• _ACTIVITY_: The lines to copy run from the one containing "点击扭蛋,成功开启并完成扭蛋任务可获得任务奖励~" to the very end of the records; give them exactly, and only them, without pictures.

• _SUPPLIED MATERIAL_:
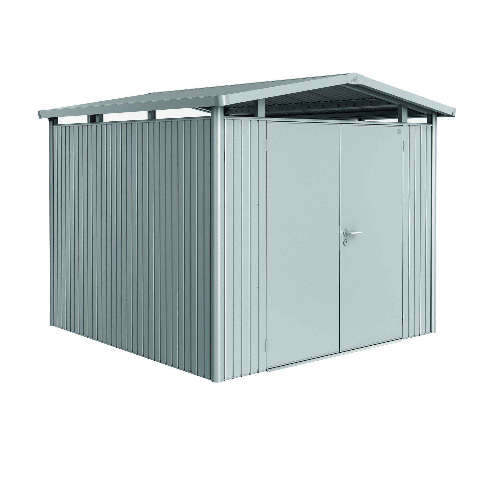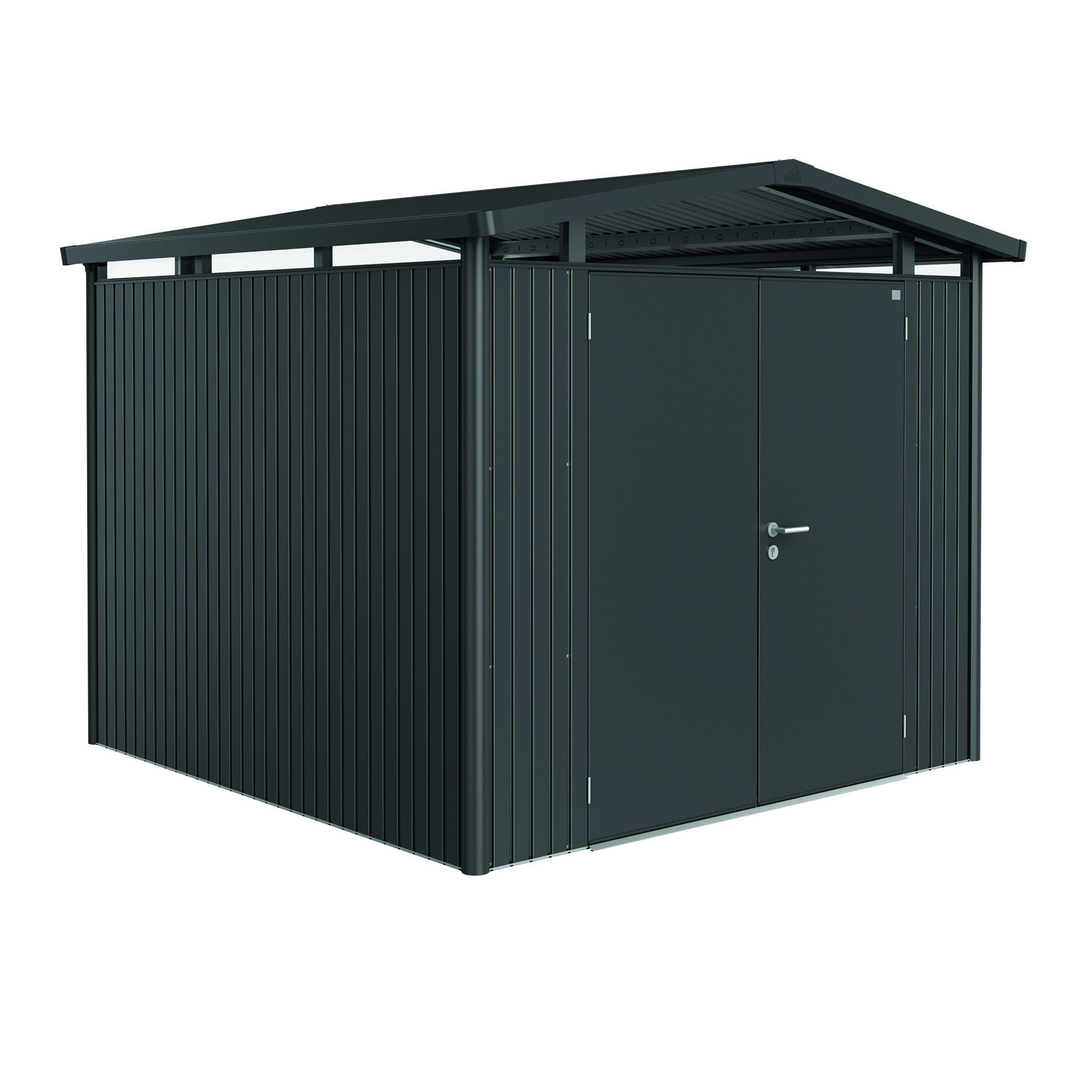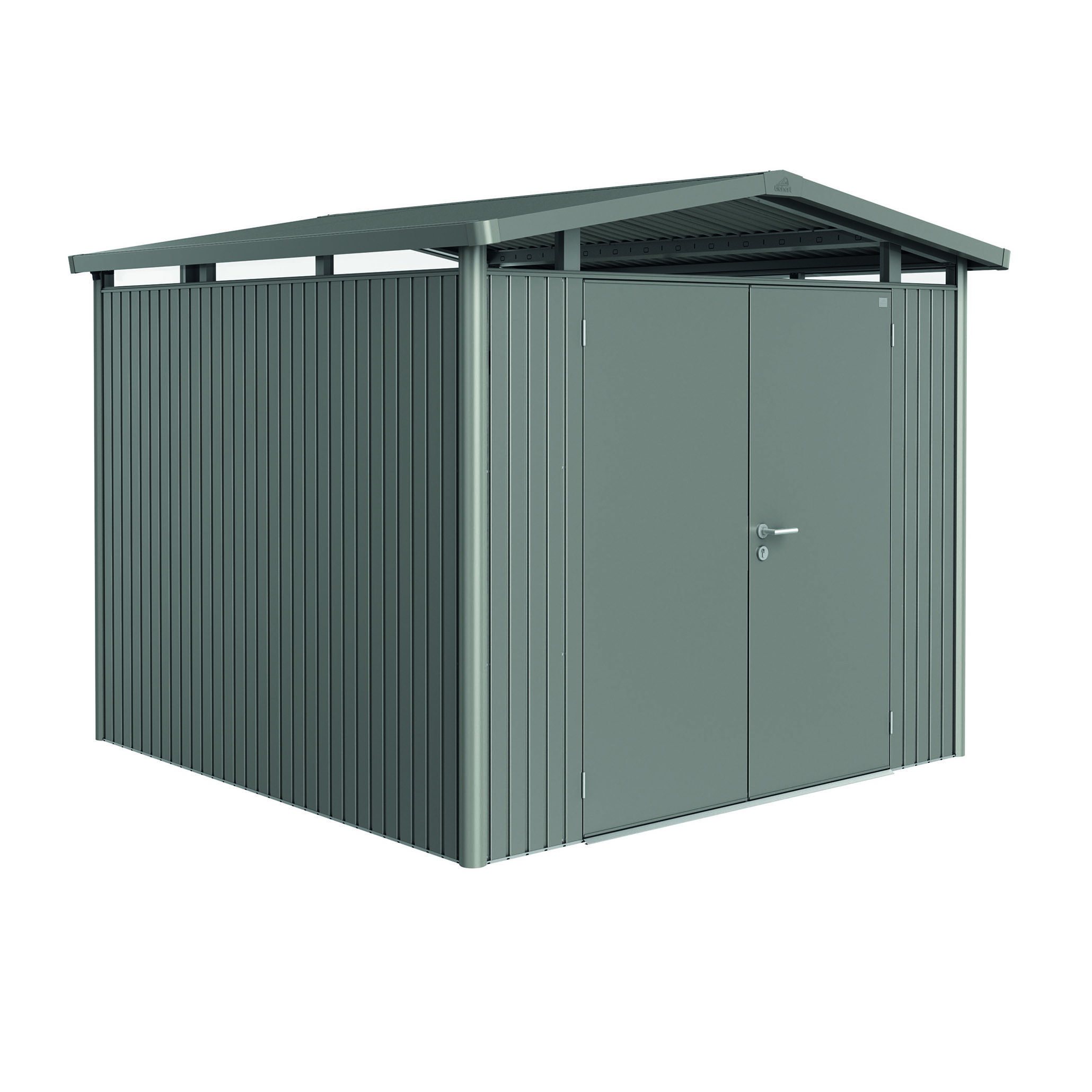 Redskapsbod Biohort Panorama P4 Dobbeldør har et akrylglass rundt i toppen som gir et unikt lysinnslipp og gjør at modellen med sitt moderne saltak passer godt inn i
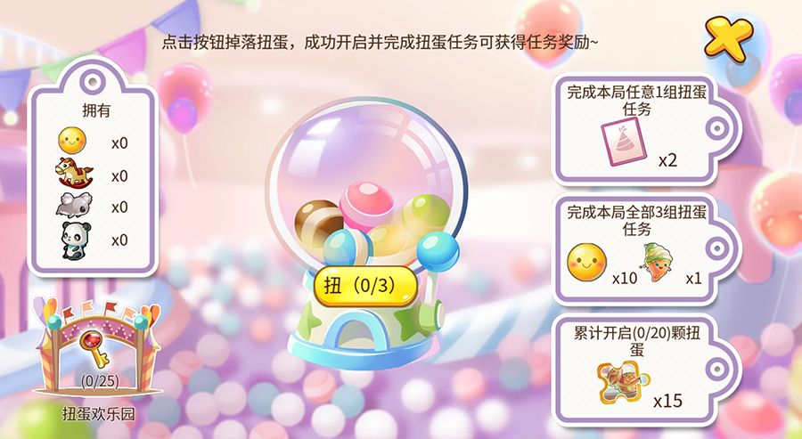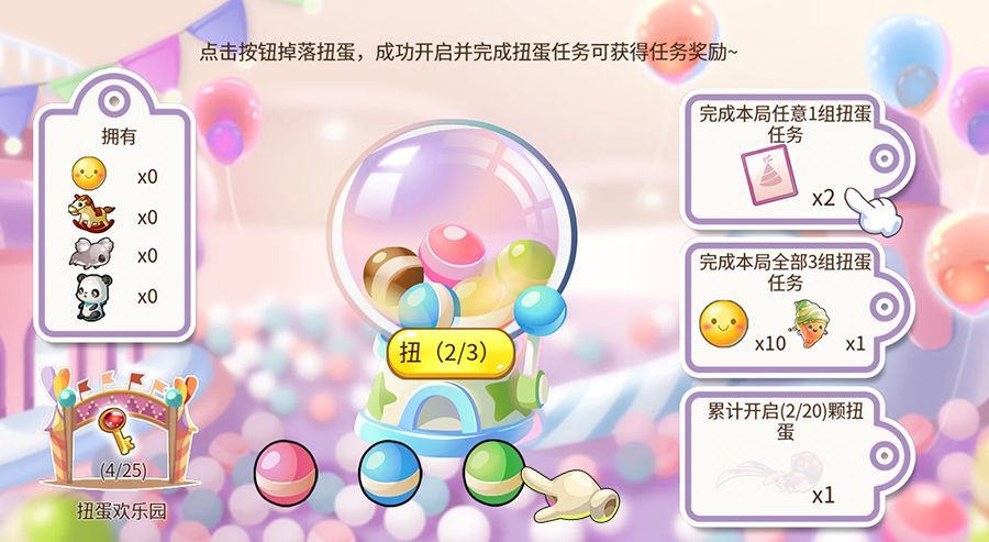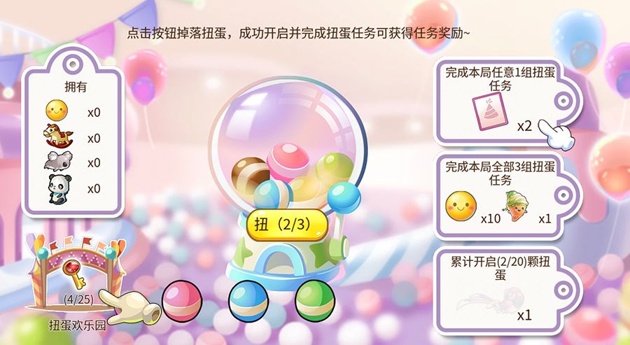 点击扭蛋,成功开启并完成扭蛋任务可获得任务奖励~
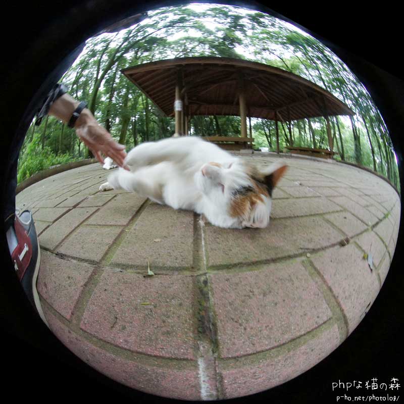 あずま屋の丘でロボミケ。この子、正面からだと白が多すぎて、三毛猫として見映えが寂しい。
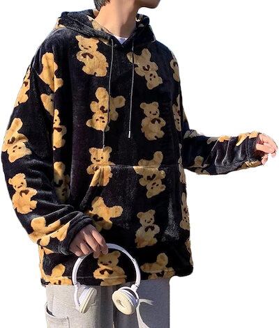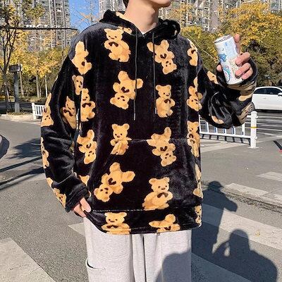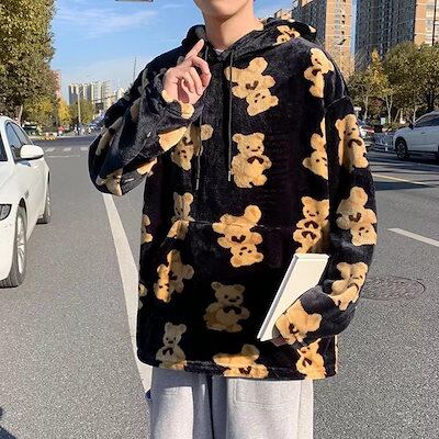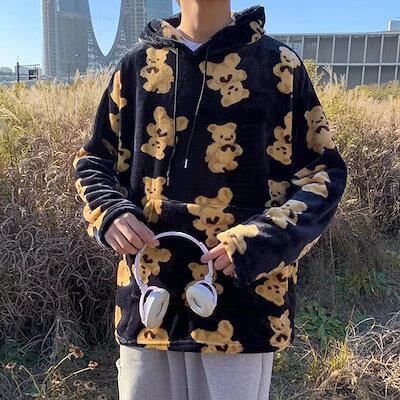 パーカー クマ 熊 かわいい プルオーバー メンズ フード付き レディース ボア付き 長袖 トレーナー フリース 春秋冬 ポケット付き ドローストリング付き カジュアル 肌触り良い 花火大会 部屋着
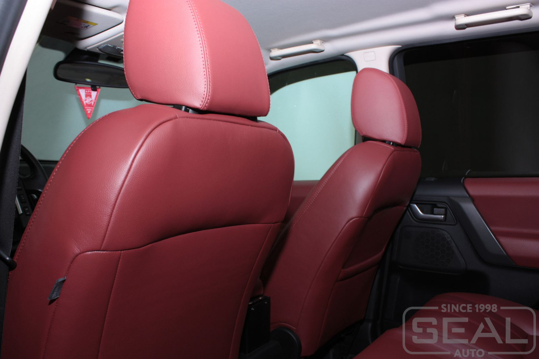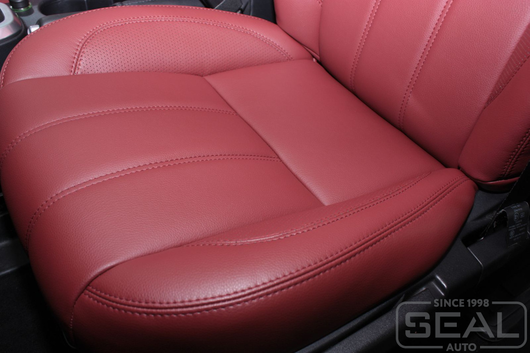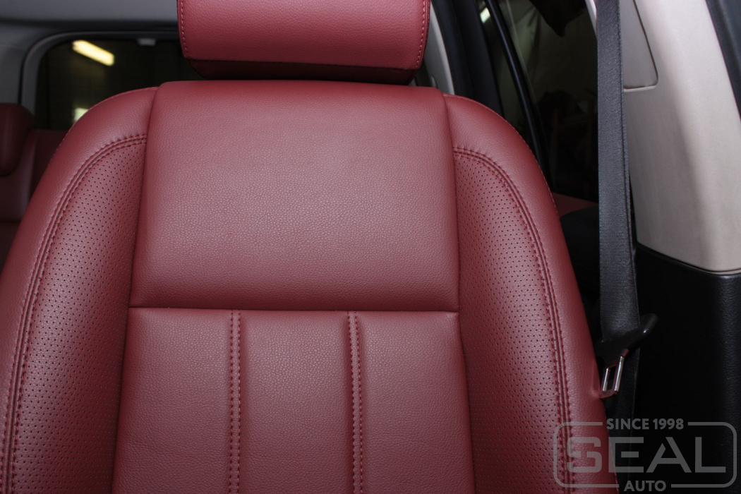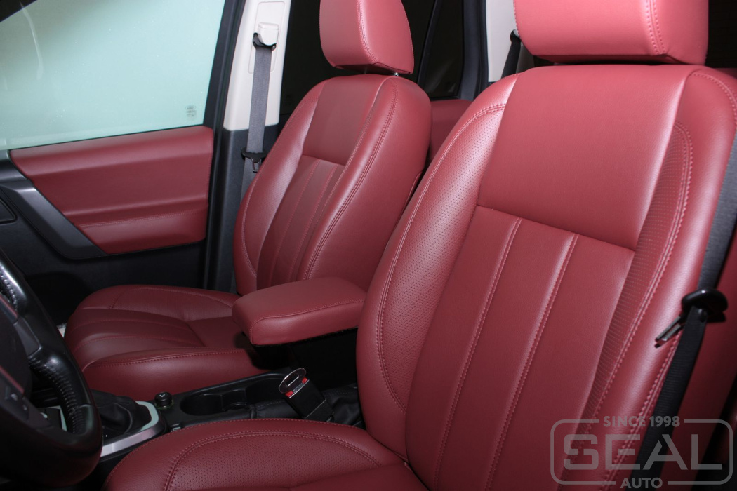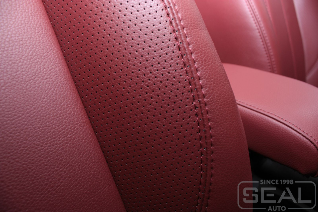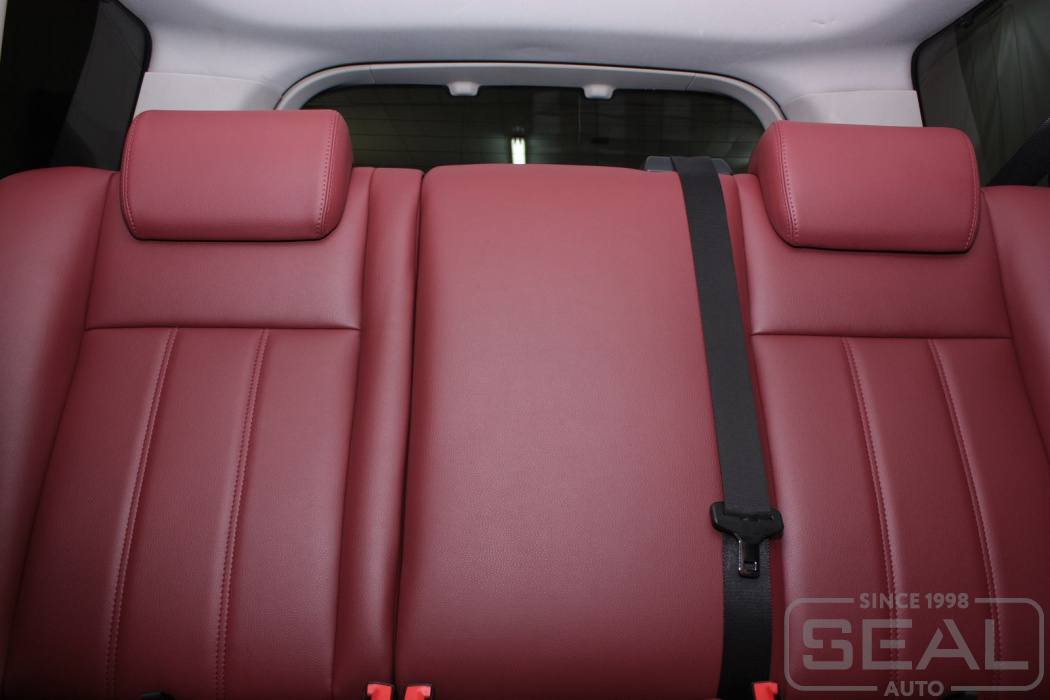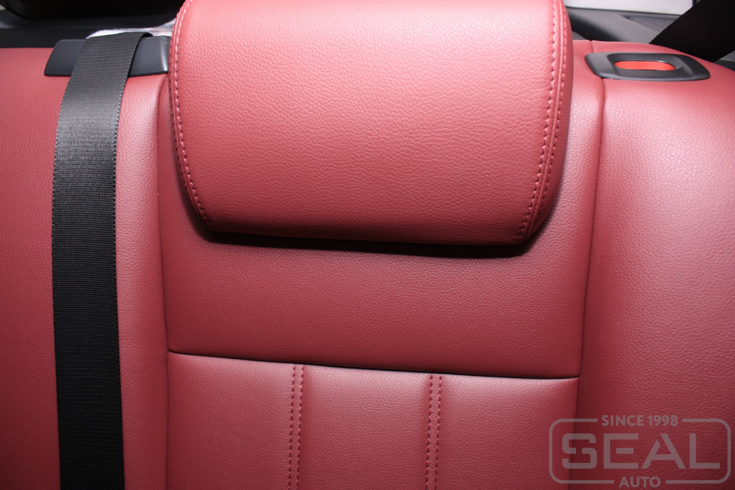 Перетяжка кожей сидений, обтяжка всех подголовников и переднего подлокотника - 82.000 рублей.

• _RESULT BELOW_:
 点击扭蛋,成功开启并完成扭蛋任务可获得任务奖励~
 あずま屋の丘でロボミケ。この子、正面からだと白が多すぎて、三毛猫として見映えが寂しい。
 パーカー クマ 熊 かわいい プルオーバー メンズ フード付き レディース ボア付き 長袖 トレーナー フリース 春秋冬 ポケット付き ドローストリング付き カジュアル 肌触り良い 花火大会 部屋着
 Перетяжка кожей сидений, обтяжка всех подголовников и переднего подлокотника - 82.000 рублей.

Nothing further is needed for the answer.